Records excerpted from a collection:
....

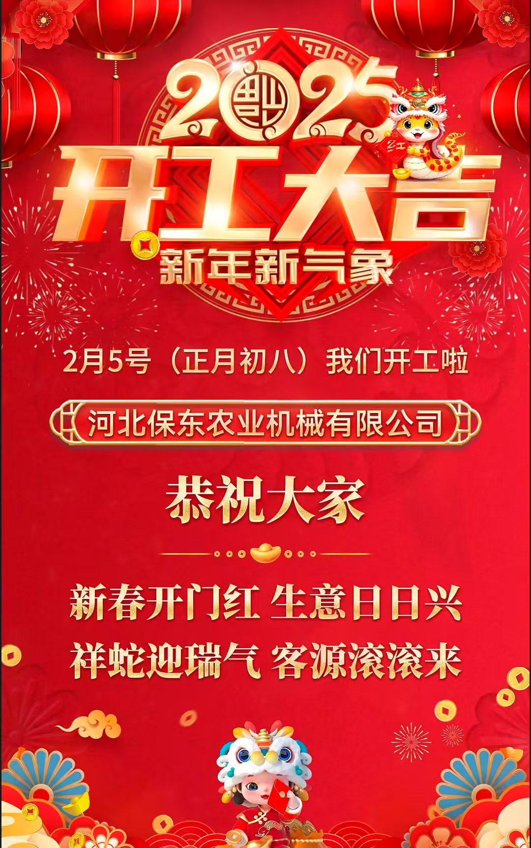 靈蛇騰云開(kāi)盛景春風(fēng)浩蕩展宏圖只爭(zhēng)朝夕加油干斗志昂揚(yáng)創(chuàng)未來(lái)正月初八 河北保東開(kāi)工大吉!在新的一年里河北保東將一如既往為廣大果園、大棚
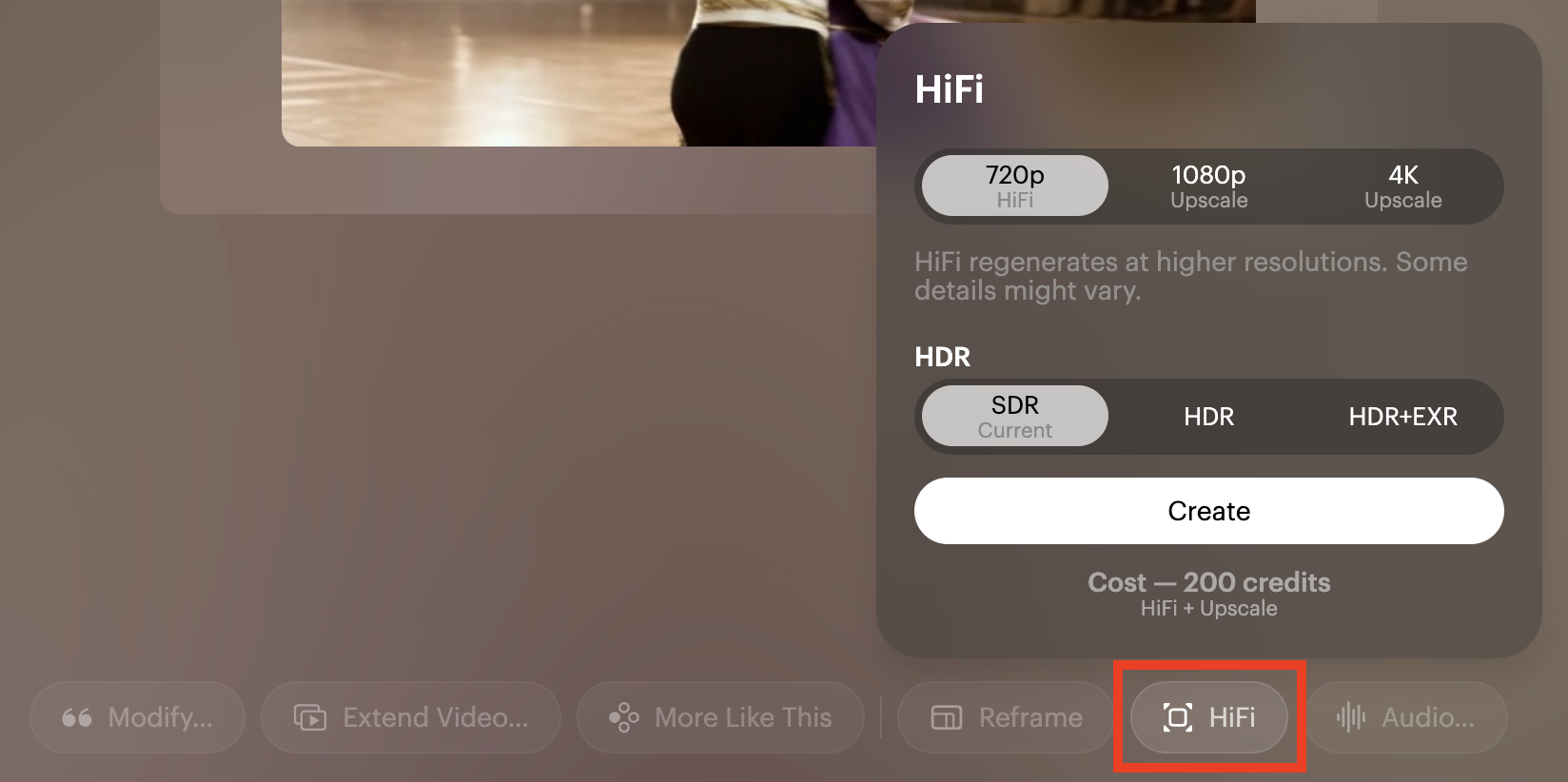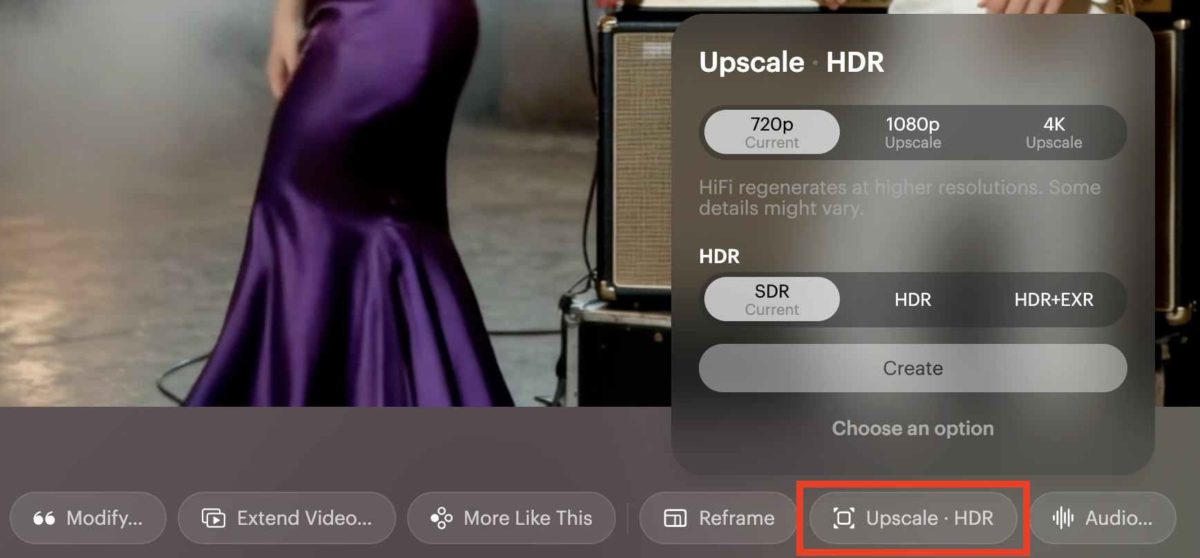 To convert your file to HDR and EXR, click on the generation to expand it. Then, press HiFi (for Draft Mode) or Upscale/HDR (for 720p generations).
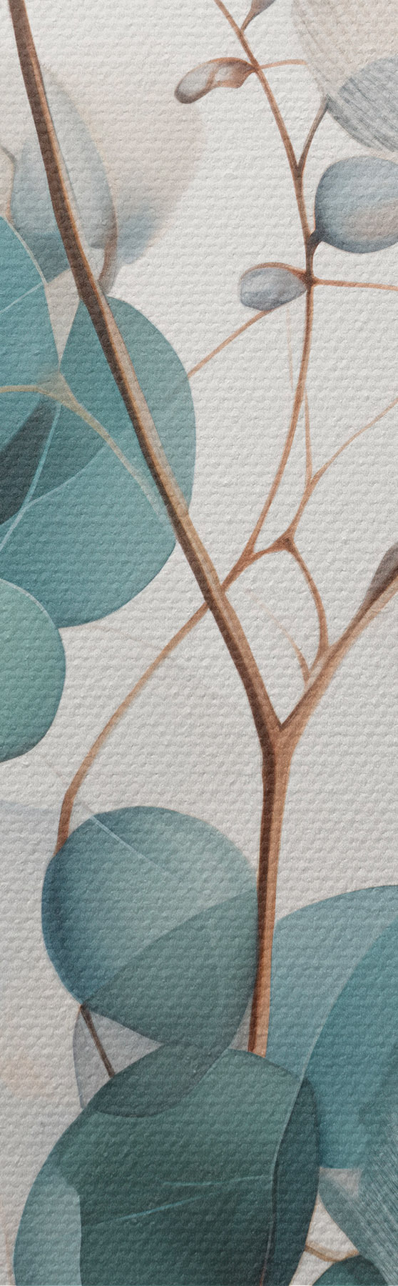 Schilderijen Eucalyptustak met blauwe bladeren en witte bloemen, lichte achtergrond m00829
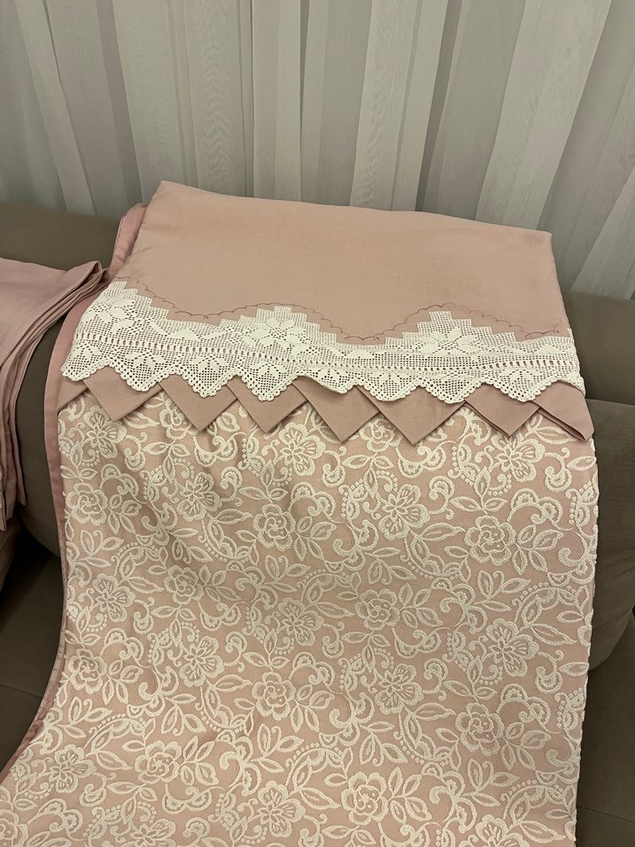 Pastel pudra renkte, çiçek nakışlı ve dantel süslemeli yumuşak dokulu nevresim takımıdır. Kumaşı çok kalitelidir çeyizim için diktirildi hiç kullanmadım yatagım battal boy olduğu için uyumlu değil
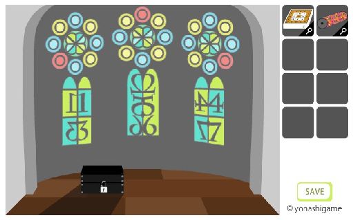 右に移動して、ステンドグラスの数字の配置を確認。
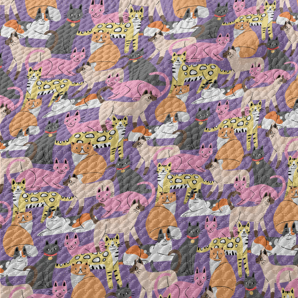 優雅彩色的貓咪們泡泡布(幅寬160公分)
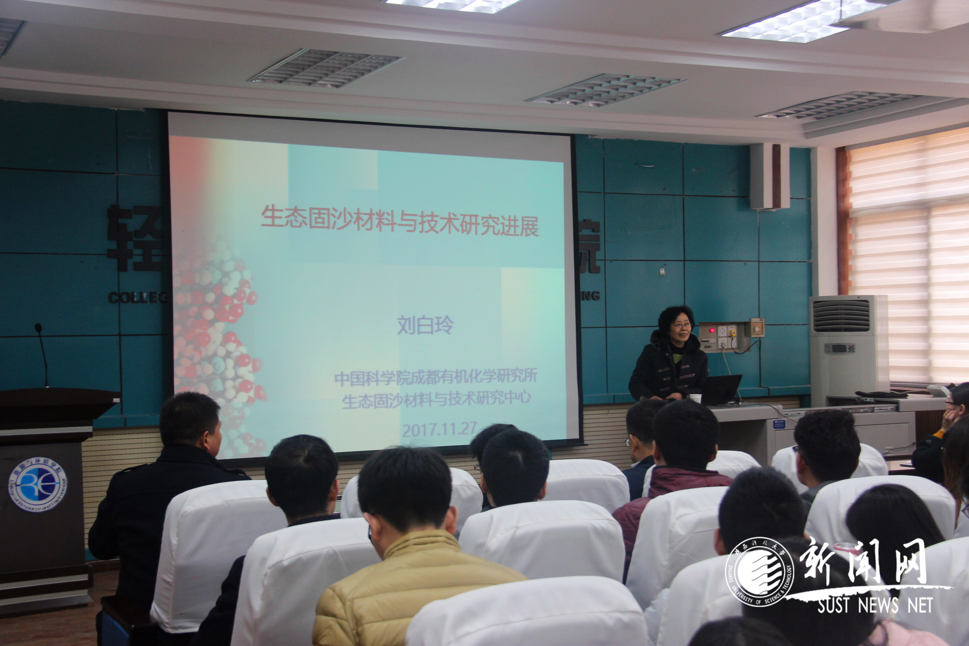 11月27日下午,中国科学院成都有机化学研究所刘白玲教授作客我校“未央导师论坛”,在轻工学院学术报告厅为学院师生作了题为《生态固沙材料与技术研究进展》和《谈谈研究生的工作》的学术报告会。校长马建中教授、研究生院副院长以及轻工学院相关负责人参会。报告会由轻工学院副院长吕斌主持,学院部分教师和硕博士研究生参加了此次报告会。

....

TASK DETAILS: Give back the records exactly, minus any pictures.

OUTPUT FOR THIS EXERCISE:
 靈蛇騰云開(kāi)盛景春風(fēng)浩蕩展宏圖只爭(zhēng)朝夕加油干斗志昂揚(yáng)創(chuàng)未來(lái)正月初八 河北保東開(kāi)工大吉!在新的一年里河北保東將一如既往為廣大果園、大棚
 To convert your file to HDR and EXR, click on the generation to expand it. Then, press HiFi (for Draft Mode) or Upscale/HDR (for 720p generations).
 Schilderijen Eucalyptustak met blauwe bladeren en witte bloemen, lichte achtergrond m00829
 Pastel pudra renkte, çiçek nakışlı ve dantel süslemeli yumuşak dokulu nevresim takımıdır. Kumaşı çok kalitelidir çeyizim için diktirildi hiç kullanmadım yatagım battal boy olduğu için uyumlu değil
 右に移動して、ステンドグラスの数字の配置を確認。
 優雅彩色的貓咪們泡泡布(幅寬160公分)
 11月27日下午,中国科学院成都有机化学研究所刘白玲教授作客我校“未央导师论坛”,在轻工学院学术报告厅为学院师生作了题为《生态固沙材料与技术研究进展》和《谈谈研究生的工作》的学术报告会。校长马建中教授、研究生院副院长以及轻工学院相关负责人参会。报告会由轻工学院副院长吕斌主持,学院部分教师和硕博士研究生参加了此次报告会。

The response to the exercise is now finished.